[SOURCE MATERIAL]
'''

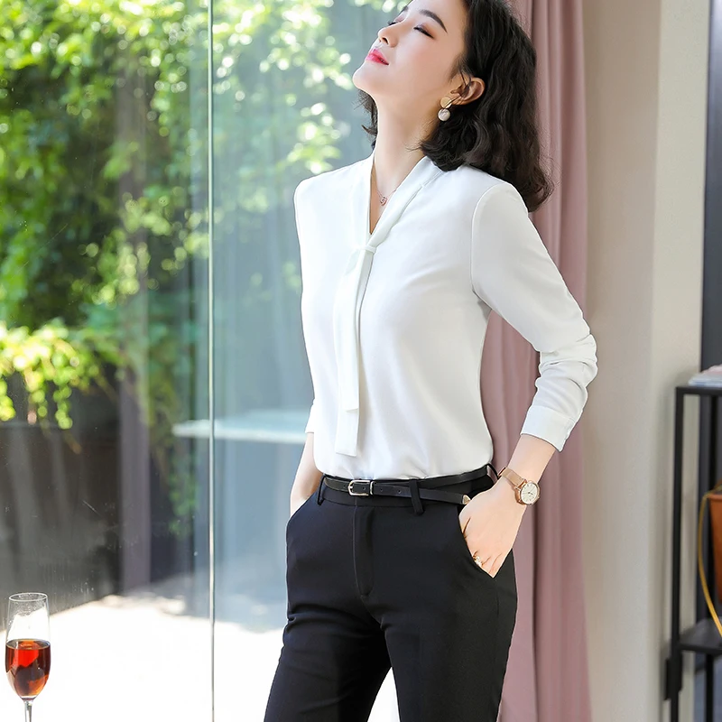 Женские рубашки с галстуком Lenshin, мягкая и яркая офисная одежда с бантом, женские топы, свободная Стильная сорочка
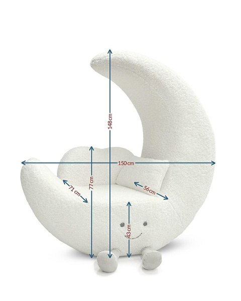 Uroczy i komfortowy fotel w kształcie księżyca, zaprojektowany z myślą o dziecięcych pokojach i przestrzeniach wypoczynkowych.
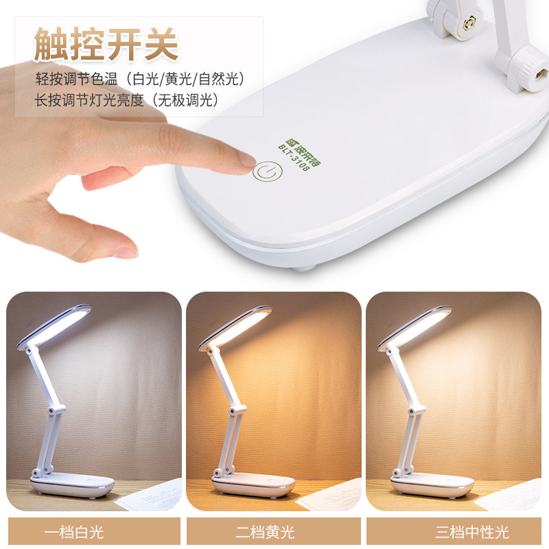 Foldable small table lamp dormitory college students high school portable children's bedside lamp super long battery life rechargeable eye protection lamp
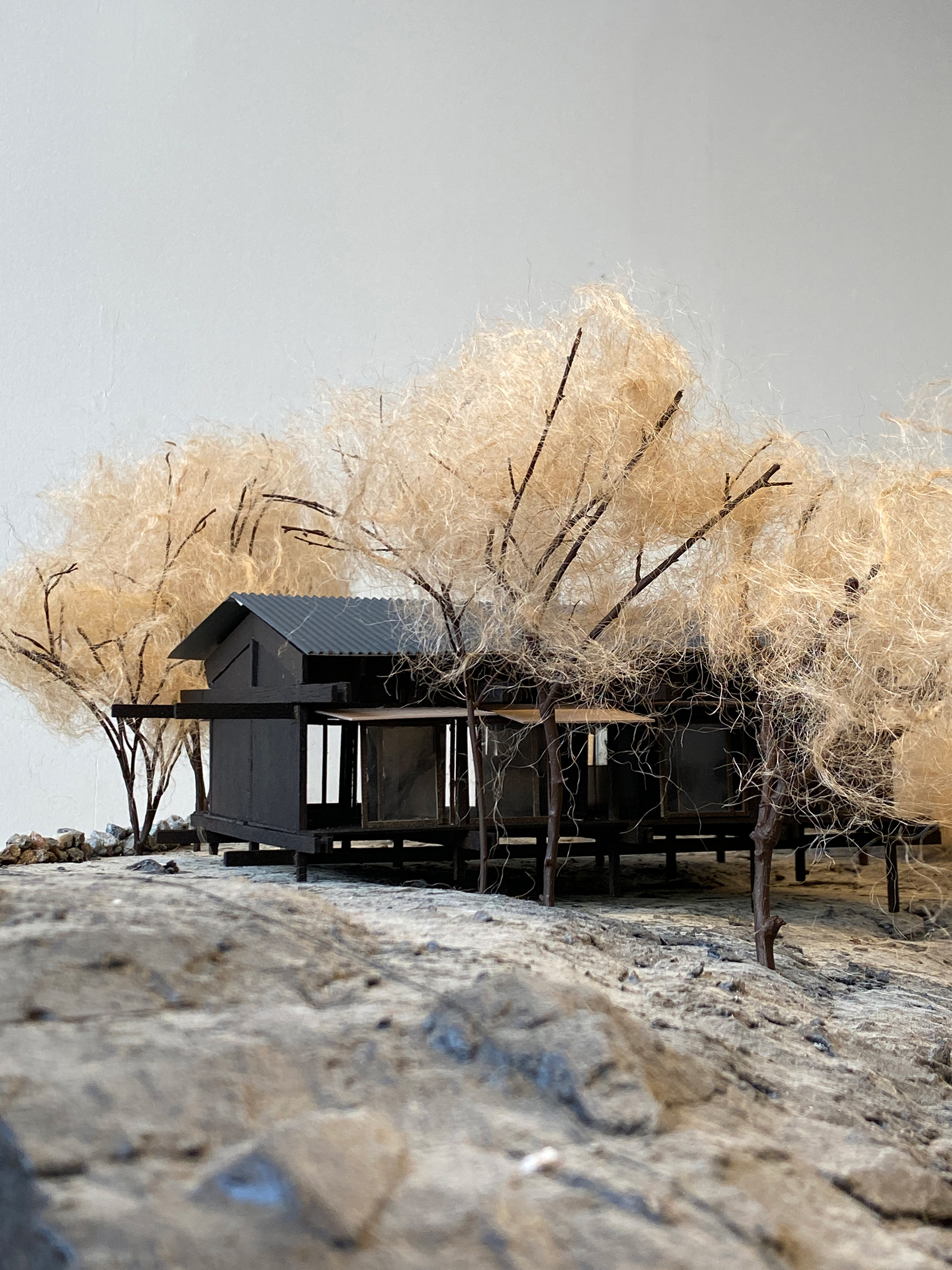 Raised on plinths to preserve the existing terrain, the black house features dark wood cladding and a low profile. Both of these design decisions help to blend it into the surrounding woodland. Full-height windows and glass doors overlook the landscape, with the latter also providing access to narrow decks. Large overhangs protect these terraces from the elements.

'''
'''

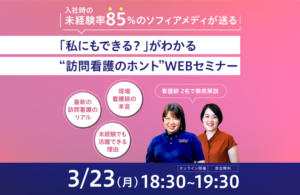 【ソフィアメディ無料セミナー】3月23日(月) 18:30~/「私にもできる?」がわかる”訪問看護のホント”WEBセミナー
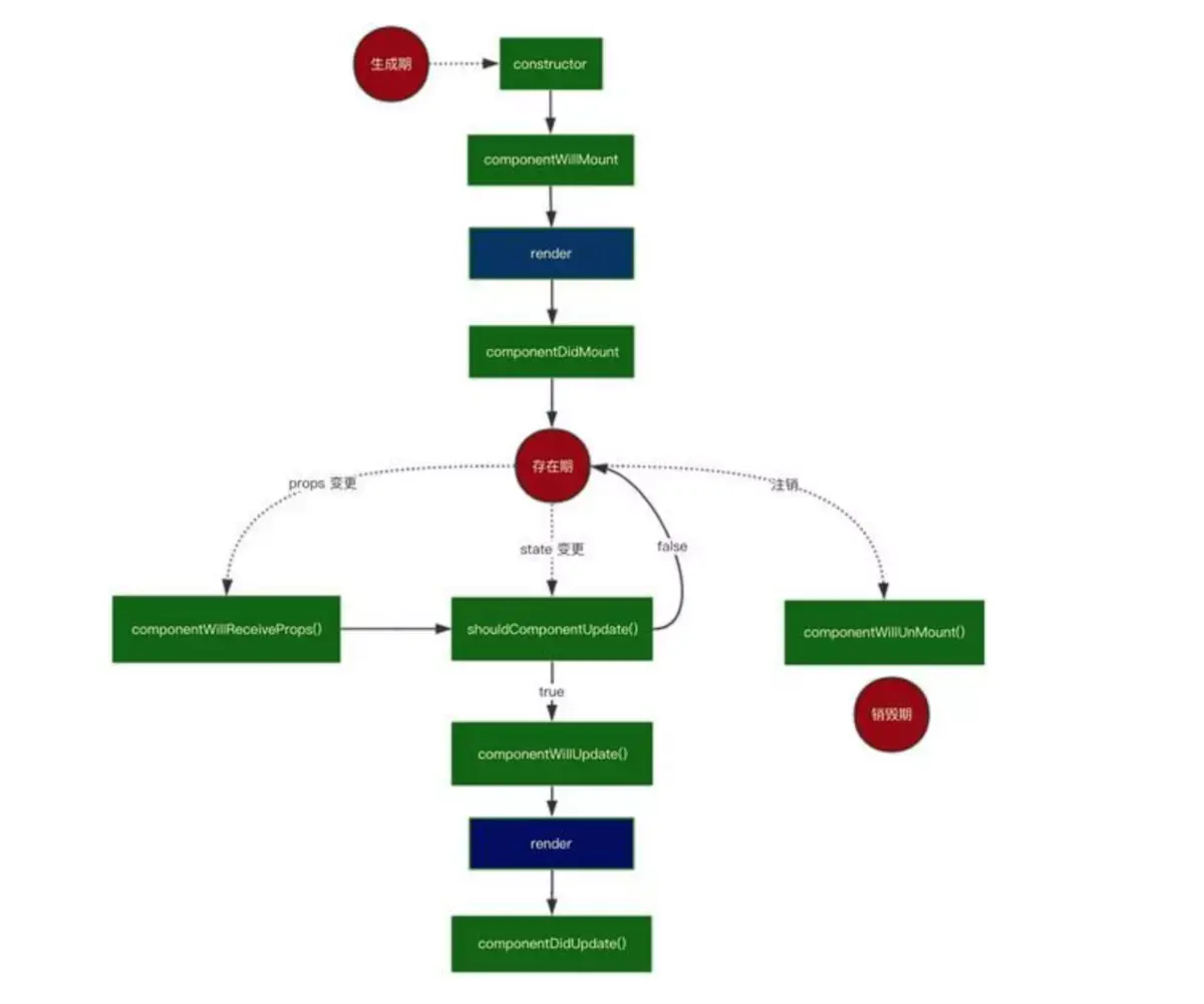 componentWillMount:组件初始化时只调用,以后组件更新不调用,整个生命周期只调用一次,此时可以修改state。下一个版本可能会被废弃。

'''

[TASK BRIEF] Without the pictures, give again exactly the lines above starting at the line containing "Uroczy i komfortowy" and ending at the line containing "Raised on plinths".

[ANSWER FOR THIS EXERCISE]
 Uroczy i komfortowy fotel w kształcie księżyca, zaprojektowany z myślą o dziecięcych pokojach i przestrzeniach wypoczynkowych.
 Foldable small table lamp dormitory college students high school portable children's bedside lamp super long battery life rechargeable eye protection lamp
 Raised on plinths to preserve the existing terrain, the black house features dark wood cladding and a low profile. Both of these design decisions help to blend it into the surrounding woodland. Full-height windows and glass doors overlook the landscape, with the latter also providing access to narrow decks. Large overhangs protect these terraces from the elements.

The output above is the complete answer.